Bite 141: Julia Margaret Cameron - Mary Mother, c. 1866

Mary Mother, c. 1866,  albumen print, 34.9 x 27.1 cm
It is said that all photographs are in a way self-portraits and there is certainly an element of the autobiographical within Cameron’s oeuvre, a product perhaps of her status as (technically) an ‘amateur’ photographer in the sense that she was not bound by commercial interests or economic necessity. 
 
An example of this self-referentiality can be seen in Mary Mother. Pensively, she gazes absently out of the frame, the only indication of the role being played the robes around her neck and over her head; a substitute for the untamed hair in other Cameron images. 
 
We know without explanation that this is Mother Mary following Christ’s death.

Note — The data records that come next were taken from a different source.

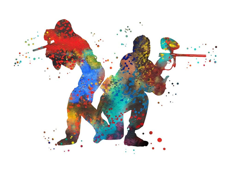 Deux joueurs de paintball ombragés sont rendus dans une explosion d'éclaboussures d'aquarelle vibrantes, capturant l'énergie explosive du jeu. Des éclaboussures dynamiques de peinture rouge, bleue, verte et jaune suggèrent une action intense et un mouvement rapide. C'est une œuvre énergisante et audacieuse qui transmet vivement le frisson du sport de compétition, une touche d'adrénaline sur toile.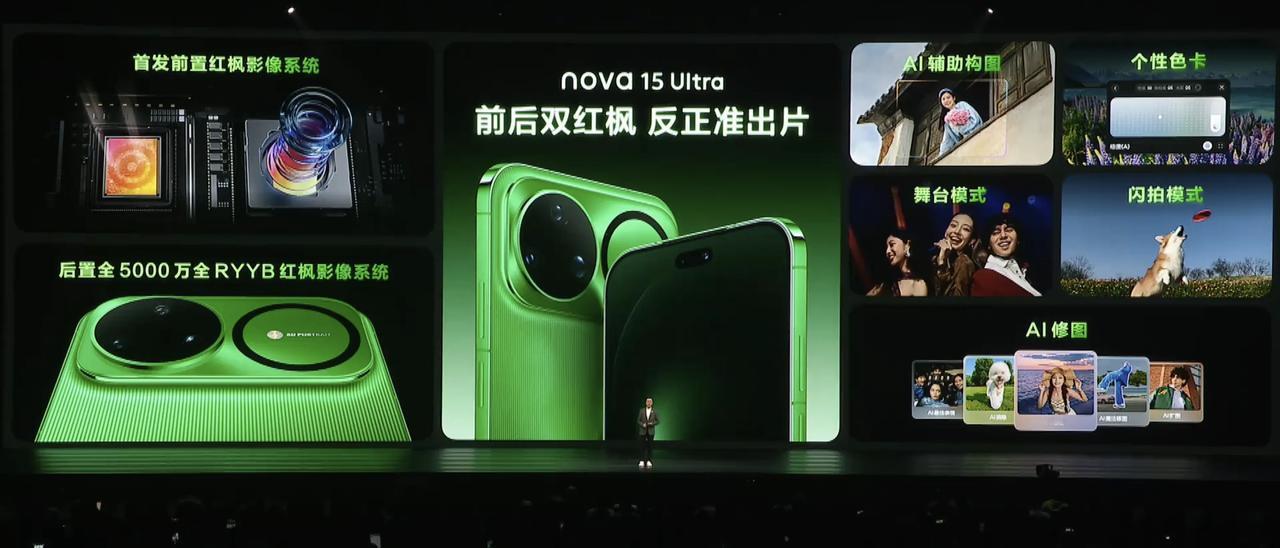 如果说在今年的新品手机当中让我选一个,那一定是nova 15系列,了解完他的配置之后,超级nova真的太让人心动了。 在12月25日10:08,nova 15系列正式开售,nova 15、nova 15 Pro和nova 15 Ultra起售价分别为2699元、3499元、4199元,这个价格在行业中还算是有诚意的。在影像方面,首次前后置均搭载红枫原色镜头,前置自拍与后置拍摄都能享受到一致的高品质色彩表现,而且这一次前置镜头进光量也非常的大,所以在拍摄上,在暗光环境下也能拍摄出清晰的照片。 另外还有AI沾色修图、小艺帮帮忙等智慧功能实用又省心,新增的舞台模式,复杂光源下也能拍出精彩照片。续航也超能打,6500mAh大电池搭配100W快充,nova 15 Ultra还有50W无线快充。更为吸引我关注的就是麒麟9010S芯片,与鸿蒙6系统深度协同,在性能上也大可放心。而且这次真的是全系升级,还能叠加鸿蒙日日新红包以及800元新机权益礼包和249元care+,非常具有入手价值。
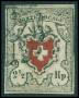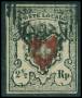 1094. Stående Helvetia, 40 Centimes, grå. TRYKT PÅ BEGGE SIDER. Forside er smukt annulleret LUZERN 7.XII.09 og bagsiden med komplet tryk af mærkebilledet. Fantastisk raritet. UDSTILLINGSOBJEKT.

She is a woman in grief, sacred while at the same time individually human.
 
Modelled by Mary Hillier, a housemaid to Cameron and her favourite and most frequent model, (depicted separately as both the Virgin Mary and Mary Magdalene), Cameron explains, “In every manner of form has her face been reproduced, yet never has it been felt that the grace of the fashion of it has perished.” 
 
In this image Hillier can actually be seen as a stand in for Cameron, who herself lost a child. The tenderness of the image betrays a deep understand of the suffering depicted.